September 27th, 2008

This book has been sitting on my bookshelf for a long time -- at least 300 years, and I'm glad I finally got around to reading it. This is not the book that got Galileo in so much trouble; that was Dialogues Concerning the Two Chief World Systems, in which Galileo pitted the Ptolemaic system favored by the Church against the Copernican system, and had the Ptolemaic system come out looking pretty stupid. The Pope had asked him to write the book, but asked him to make it "fair and balanced". Well, Galileo got the fair part down, but it wasn't balanced, and they very nearly killed him for that. As it was, they put him under house arrest for the rest of his life, banned all his books, and forbade him to write any more books. He wrote this book in secret and had the manuscript smuggled out of Italy. It was published in Northern Europe, where they weren't so persnickety about this sort of thing.

I read the book as part of my ongoing investigation into the process whereby we learned to think logically. And I truly came to understand the meaning of Newton's quote "If I have seen farther, it is because I stand on the shoulders of giants." Galileo was the most important giant.


The crucial innovation that Galileo made was a willingness to combine physical observation with geometric thinking. Here is a striking example of his approach:

As I was scraping a brass plate with a sharp iron chisel in order to remove some spots from it, and was running the chisel rather rapidly over it, I once or twice during many strokes heard the plate emit a rather strong and clear whistling sound.

Mystified by this experience, Galileo proceeded in the best scientific form to try variations on the scraping, and soon saw some interesting patterns. From this he began to draw some conclusions, which he tested and refined by further experiment. This was the scientific method as recommended by Roger Bacon centuries earlier. Why was Galileo the first to actually use scientific method? I think it was because he was willing to get his hands dirty. You would never have caught Greek or Chinese intellectuals actually soiling their hands in the real world. To them, an intellectual was somebody who confined himself to the world of pure thought. But the Italian Renaissance had replaced this model with something entirely different. The ancient Greek and Chinese thinkers were independently wealthy aristocrats or court retainers who were subsidized by rulers solely because they were educated. They were free to explore whatever they wanted. But the potentates of the Italian Renaissance weren't so open-minded. They didn't want scientists, they wanted engineers -- people who could build useful machines for them. Leonardo da Vinci always presented himself as first and foremost a military engineer. That's where the money was. Besides, Italian society was dominated by the merchant class, which had little time for abstruse theories. They developed mathematics, but not out of intellectual curiosity. Their interest lay in better calculations of financial operations. By Galileo's time (the early 1600s), the Renaissance was over, but the Italian intellegentsia had become imbued with the notion of practical learning. Even though Galileo was a professor, he had no reservations about rolling up his sleeves and getting his hands dirty.

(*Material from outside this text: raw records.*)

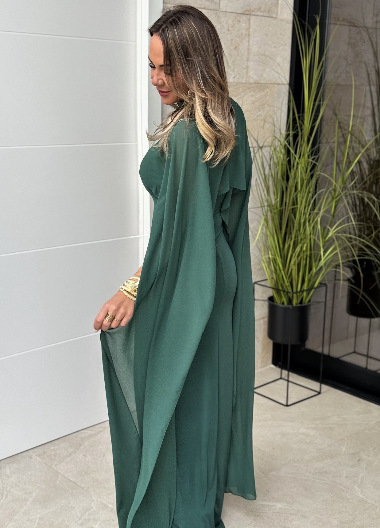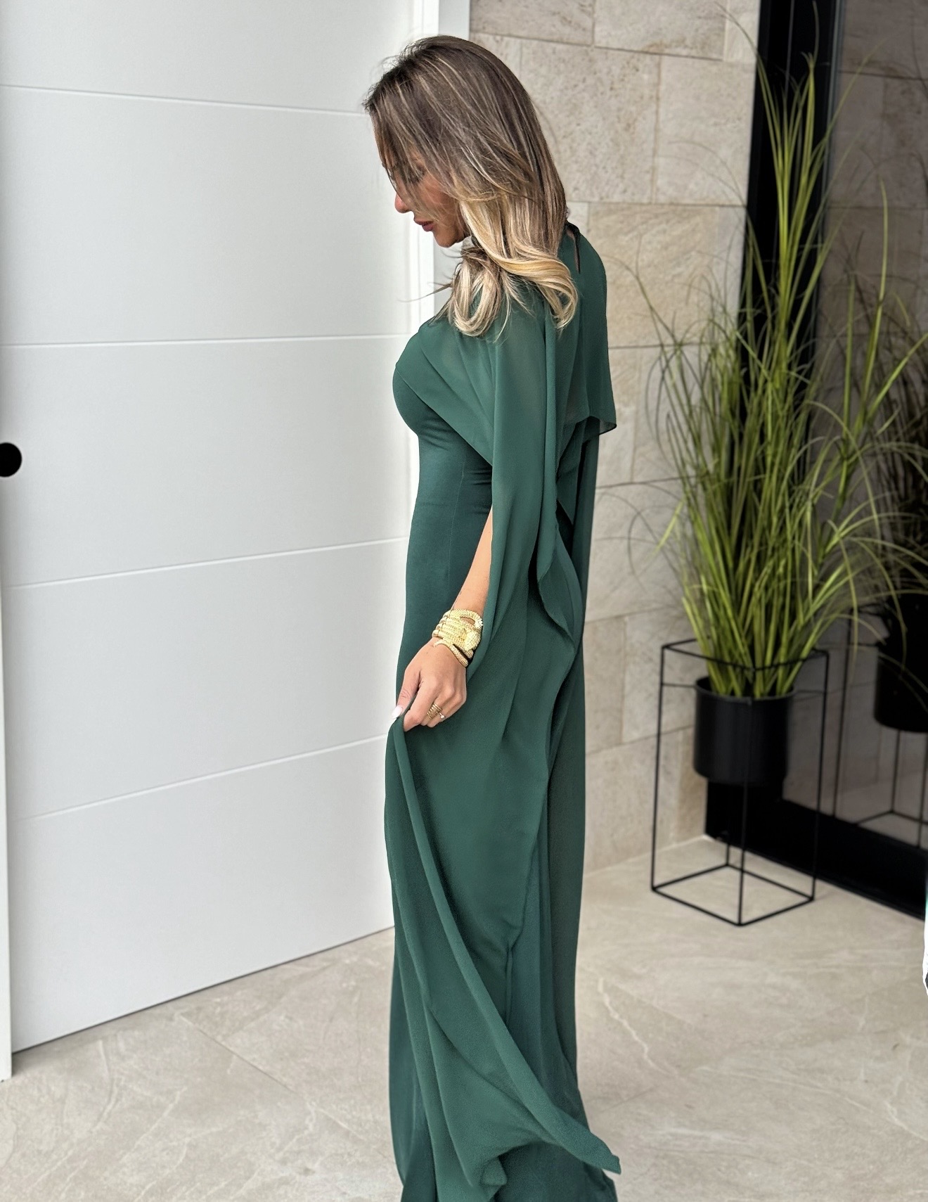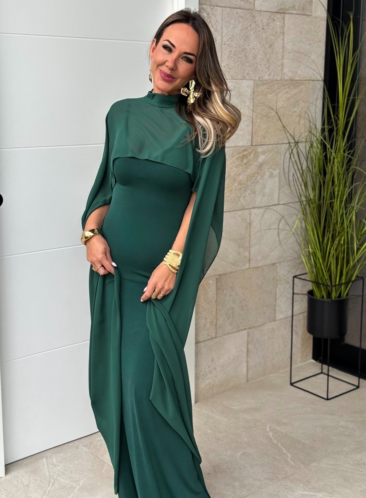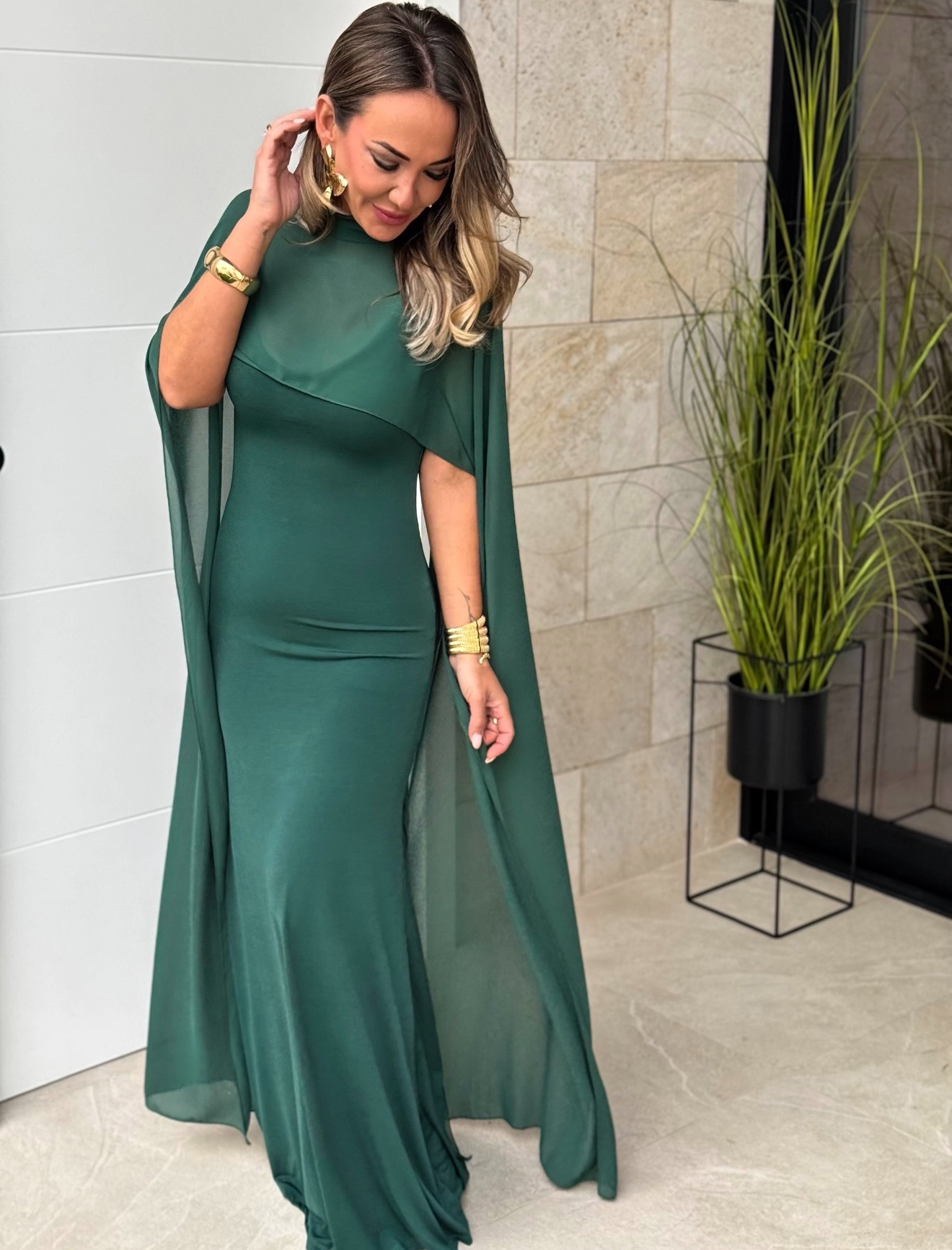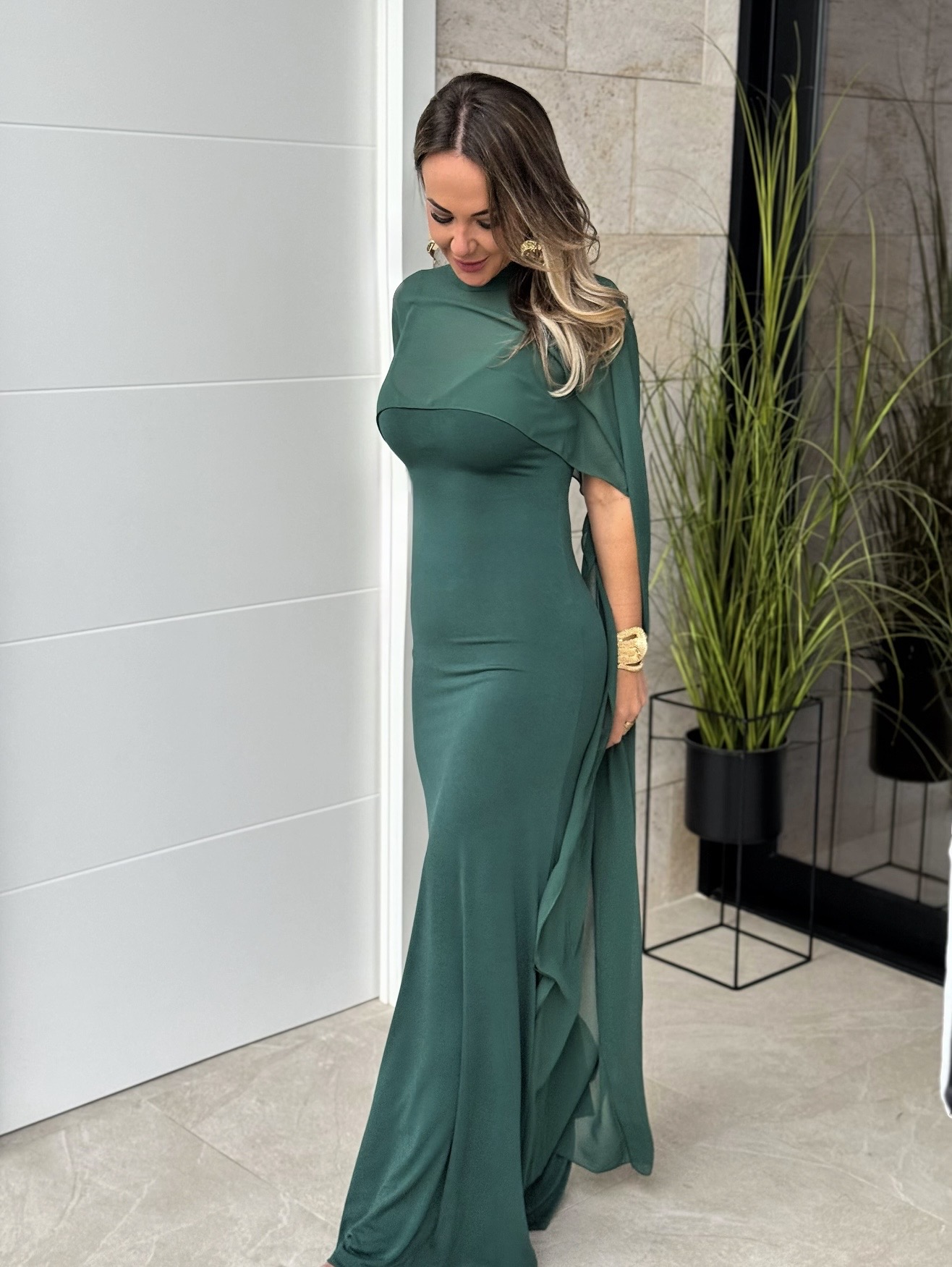 Vestido lycra largo tiente fino ajustable escote pico con capa cuello subido botón detrás.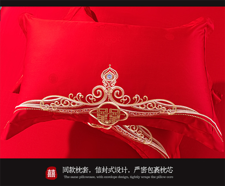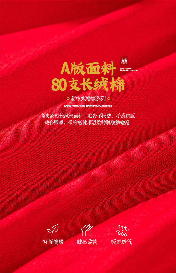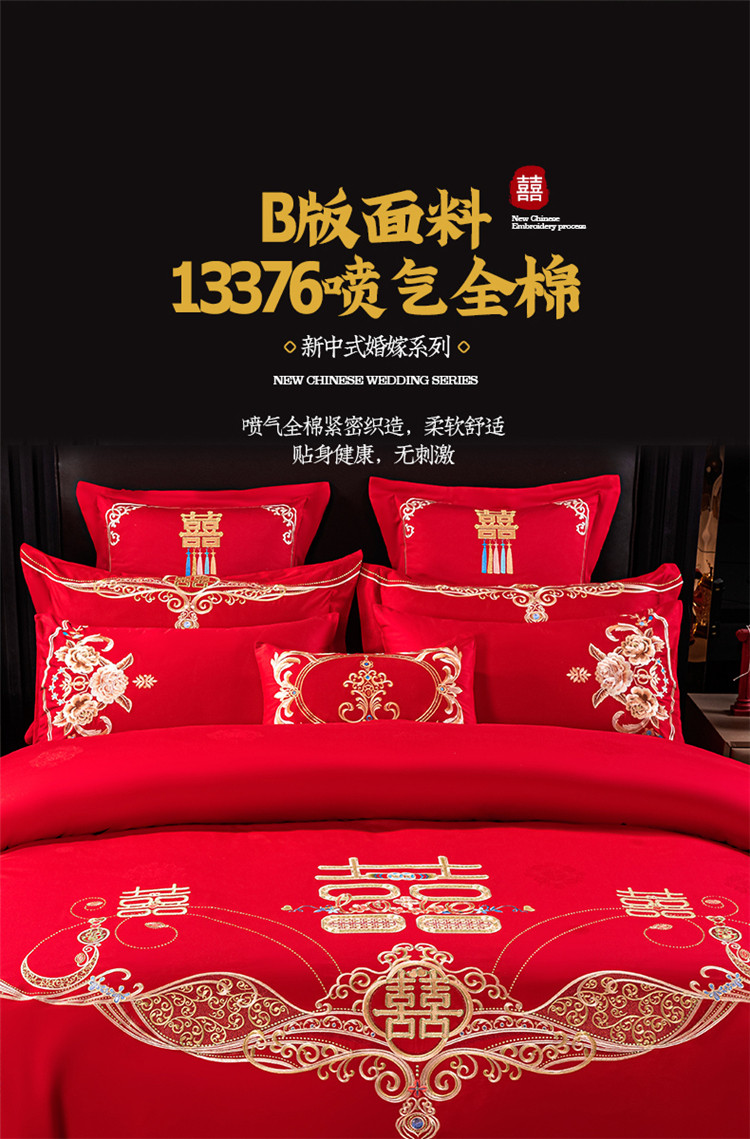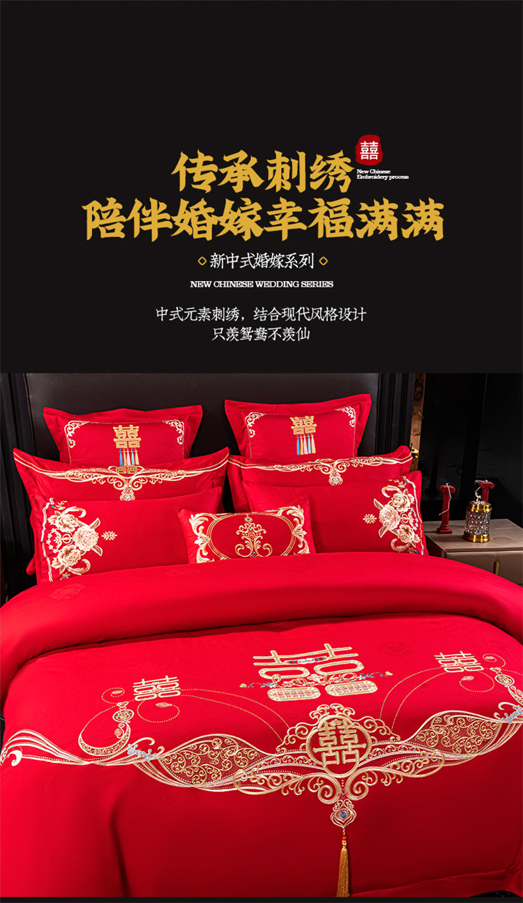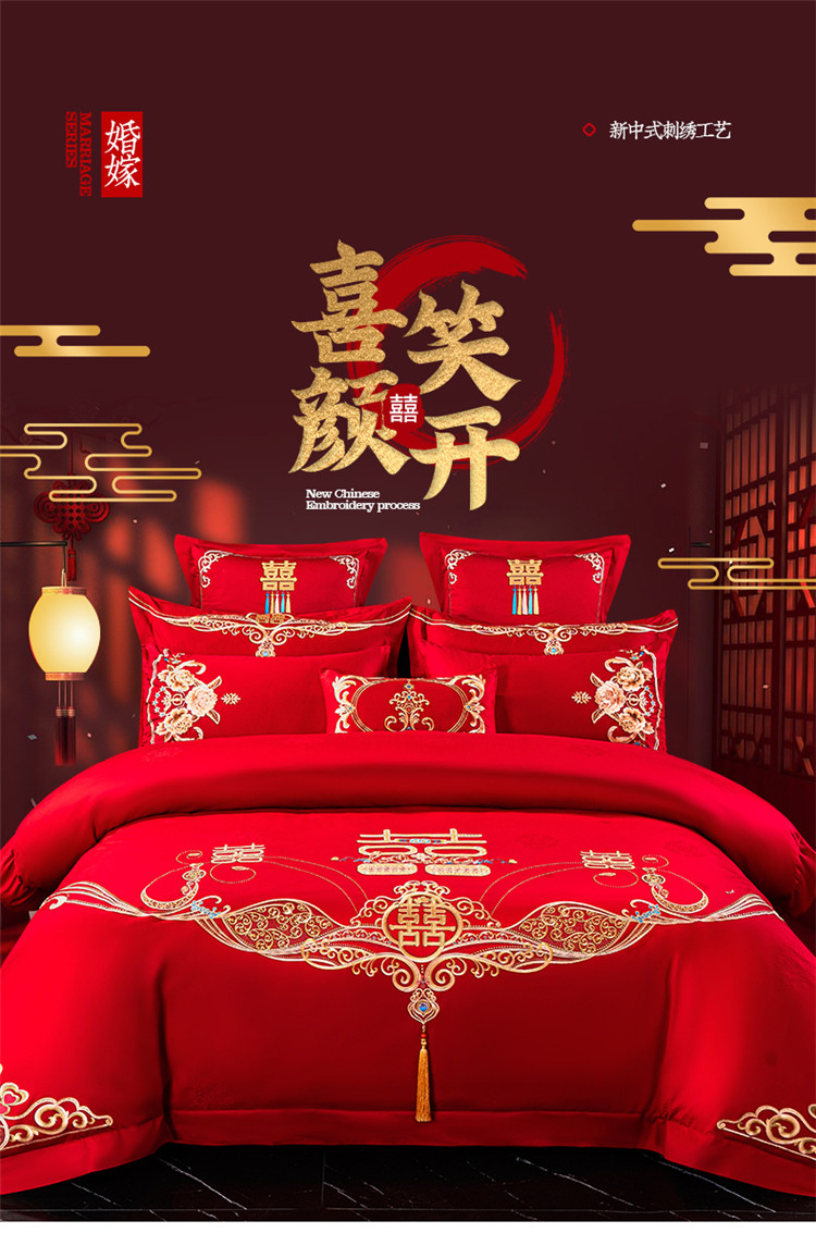 当前位置: 91家纺网 > 商品网购 > 床品套件 > 四件套 > 长绒棉四件套 > 千禧 2022新款婚庆绣花套件 喜笑颜开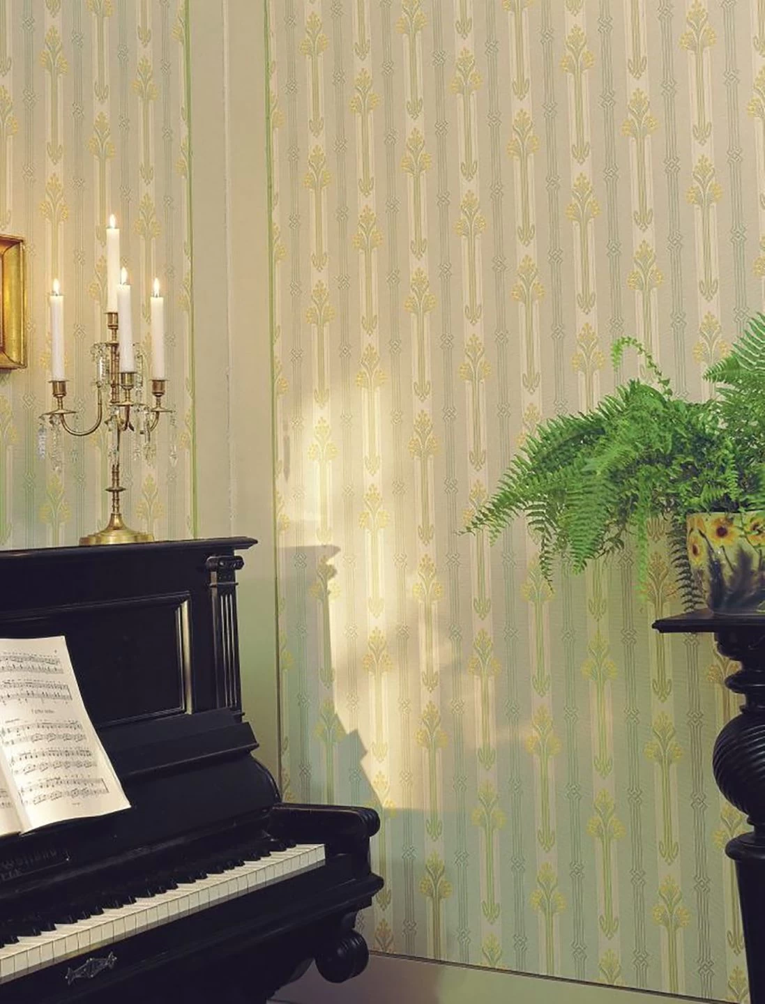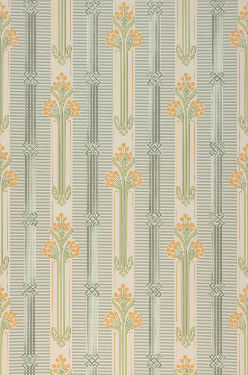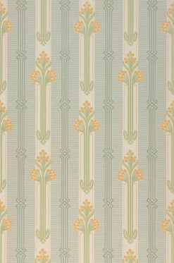 Safrangelb mit Grünnuancen auf cremeweißem Fond bringt das florale Jugendstilmuster in ein strahlendes Konzept. Die klassische Mustertapete steht Vintage-Einrichtungskonzepten sehr gut zu Gesicht, insbesondere, wenn antike Stilmöbel aus dunklem Echtholz mit von der Partie sind.

Galileo combined this reality-based science with the geometrical analysis that was common among classical Greek thinkers. A good example of this is Euclid's proof of the Pythagorean Theorem. The basic method is to draw geometric figures, mark points on the figures, construct lines, and present rigorous deductions concerning the relationships between those elements.

Several Greek thinkers took the idea a bit further by applying these geometric methods to real-world problems. Eratosthenes used simple geometric calculations to determine the diameter of the earth. Much later, Copernicus used even more sophisticated geometric methods to determine that the Sun, not the Earth, was the center of the solar system. But the jump from geometry to science was in these cases small; both Eratosthenes and Copernicus were still thinking in terms of basic geometry. Galileo used their abstract geometry on real-world problems.

Galileo extended the same geometric reasoning to real-world problems. Here's an example:



Here Galileo draws the standard geometric figure with the salient points marked with letters, just as the Greeks did it. But this analysis doesn't concern lines or geometric figures; Galileo uses it to analyze the forces on the beam and prove this proposition:

A solid cylinder of glass, steel, wood, or other breakable material that is capable of supporting a heavy weight applied longitudinally is easily broken by the transverse application of a smaller weight in proportion as the length of the cylinder exceeds its width.

And then he proceeds to prove his point with rigorous logic. This application of rigorous geometric logic to physical objects was Galileo's big contribution to Western thinking. A few decades later, Newton took Galileo's ideas, added calculus, and made the breakthrough that launched the Enlightenment.